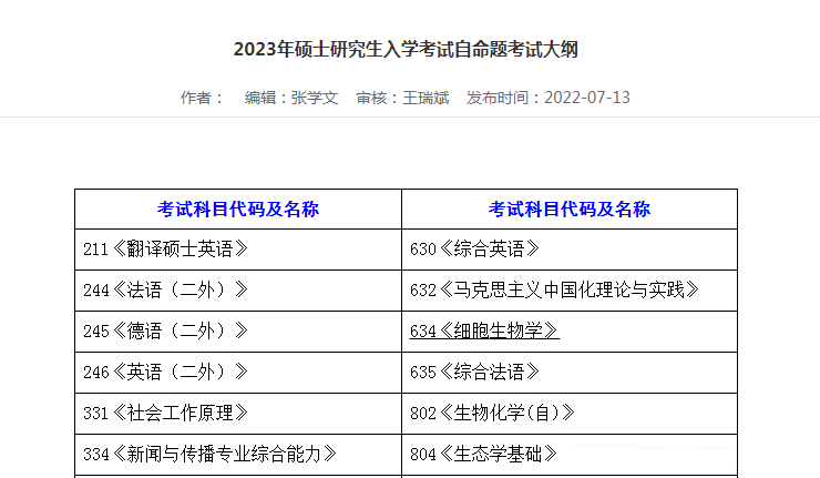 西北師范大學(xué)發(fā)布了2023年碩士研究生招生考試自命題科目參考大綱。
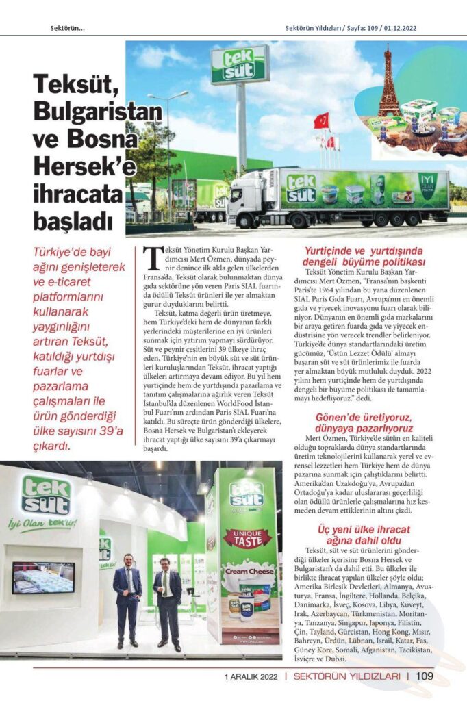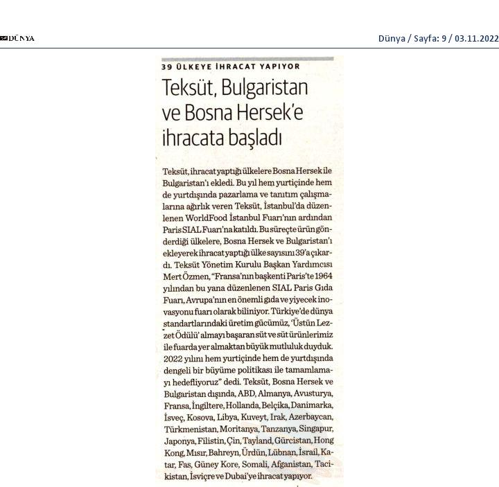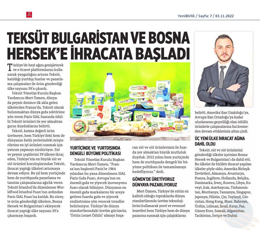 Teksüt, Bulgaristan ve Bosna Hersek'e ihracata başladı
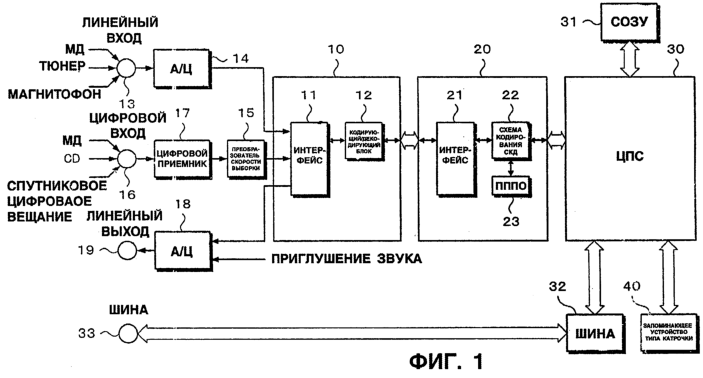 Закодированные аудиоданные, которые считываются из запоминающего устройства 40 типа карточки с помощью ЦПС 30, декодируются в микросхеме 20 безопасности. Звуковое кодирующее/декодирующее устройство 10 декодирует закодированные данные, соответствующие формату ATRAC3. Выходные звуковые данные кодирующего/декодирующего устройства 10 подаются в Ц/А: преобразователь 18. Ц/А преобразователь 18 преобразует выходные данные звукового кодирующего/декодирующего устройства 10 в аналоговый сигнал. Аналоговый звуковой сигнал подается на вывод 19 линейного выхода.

▶ **What you should do**
Exact reproduction is required for the lines from the one containing "Teksüt, Bulgaristan ve" through the end of the material, and for those lines only, without pictures.

▶ **Problem solution**
 Teksüt, Bulgaristan ve Bosna Hersek'e ihracata başladı
 Закодированные аудиоданные, которые считываются из запоминающего устройства 40 типа карточки с помощью ЦПС 30, декодируются в микросхеме 20 безопасности. Звуковое кодирующее/декодирующее устройство 10 декодирует закодированные данные, соответствующие формату ATRAC3. Выходные звуковые данные кодирующего/декодирующего устройства 10 подаются в Ц/А: преобразователь 18. Ц/А преобразователь 18 преобразует выходные данные звукового кодирующего/декодирующего устройства 10 в аналоговый сигнал. Аналоговый звуковой сигнал подается на вывод 19 линейного выхода.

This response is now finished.